Problem Statement
Imagine a square n x n
grid where every cell can hold a stack of 1 x 1 x 1 cubes. The number of cubes in each cell (i, j)
is represented by the integer value v = grid[i][j]
. The task is to visualize and calculate the total projected area of these stacks on three different planes: the top (xy
plane), the front (yz
plane), and the side (zx
plane).
The concept of projection used here can be likened to observing the shadow cast by these cubes when light is shone from above, the front, and the side, corresponding to observing the grid from three different orthogonal views. Each view will project a different shadow based on the height and configuration of cubes in the grid. Your goal is to compute the collective area from all three projections.
Examples
Example 1
Input:
grid = [[1,2],[3,4]]
Output:
17
Explanation:
Here are the three projections ("shadows") of the shape made with each axis-aligned plane.
Example 2
Input:
grid = [[2]]
Output:
5
Example 3
Input:
grid = [[1,0],[0,2]]
Output:
8
Constraints
n == grid.length == grid[i].length
1 <= n <= 50
0 <= grid[i][j] <= 50
Approach and Intuition
To solve this problem effectively, understanding what exactly each projection entails and how to calculate their areas becomes vital:
Top Projection (XY plane):
- The top projection will simply be the count of all cells that have at least one cube. In essence, every non-zero cell in the grid adds
1
to the projection's area on this plane.
- The top projection will simply be the count of all cells that have at least one cube.

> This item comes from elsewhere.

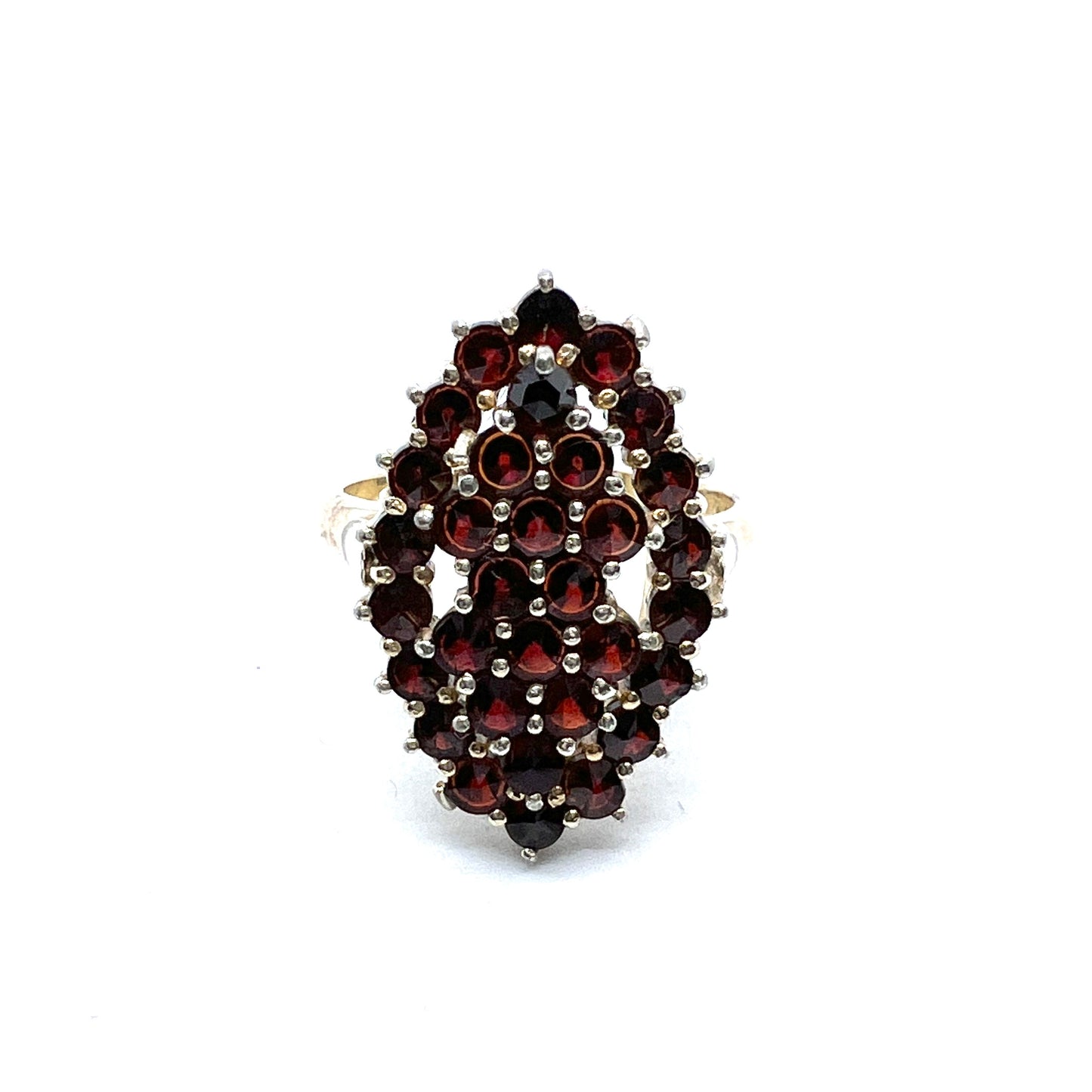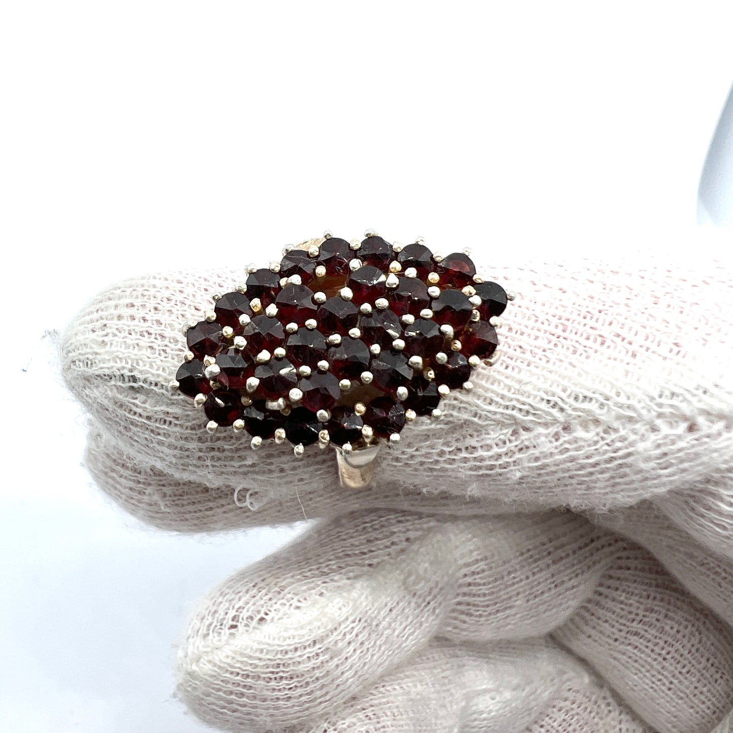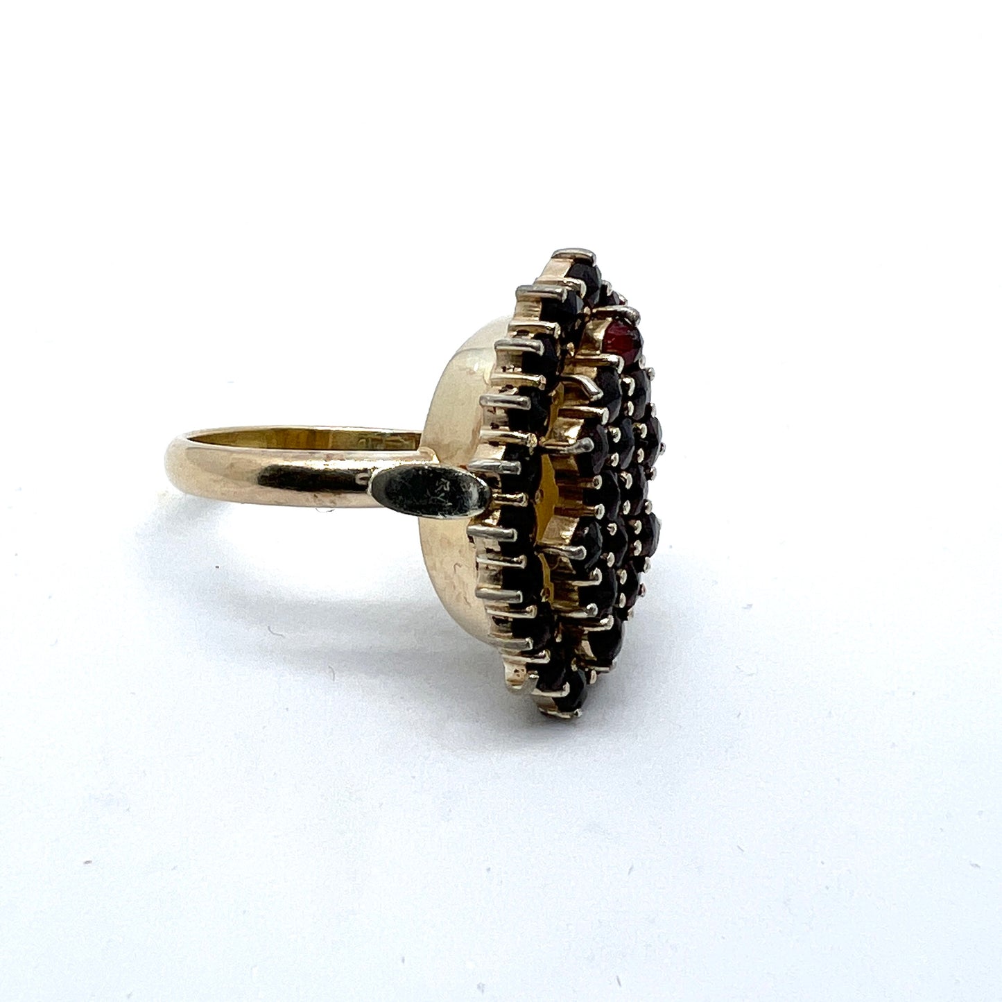 Wonderful vintage 18k gold garnet cluster ring. Hallmarked for Austria c 1930-40s and Swedish import marks. Stones set in gilt silver.

In essence, every non-zero cell in the grid adds
Front Projection (YZ plane):
- This view is observed by looking at the grid from one side (say, from the left or right). Therefore, only the tallest stack (the maximum value) in each column determines the shadow for that particular column. Summing up the maximum heights from each column gives the total projection area on this plane.
Side Projection (ZX plane):
- Similarly, for the side projection (observed from top or bottom of the grid), the tallest stack in each row casts the shadow. Here, you need to compute the maximum stack in each row and sum these to get the total area for this projection.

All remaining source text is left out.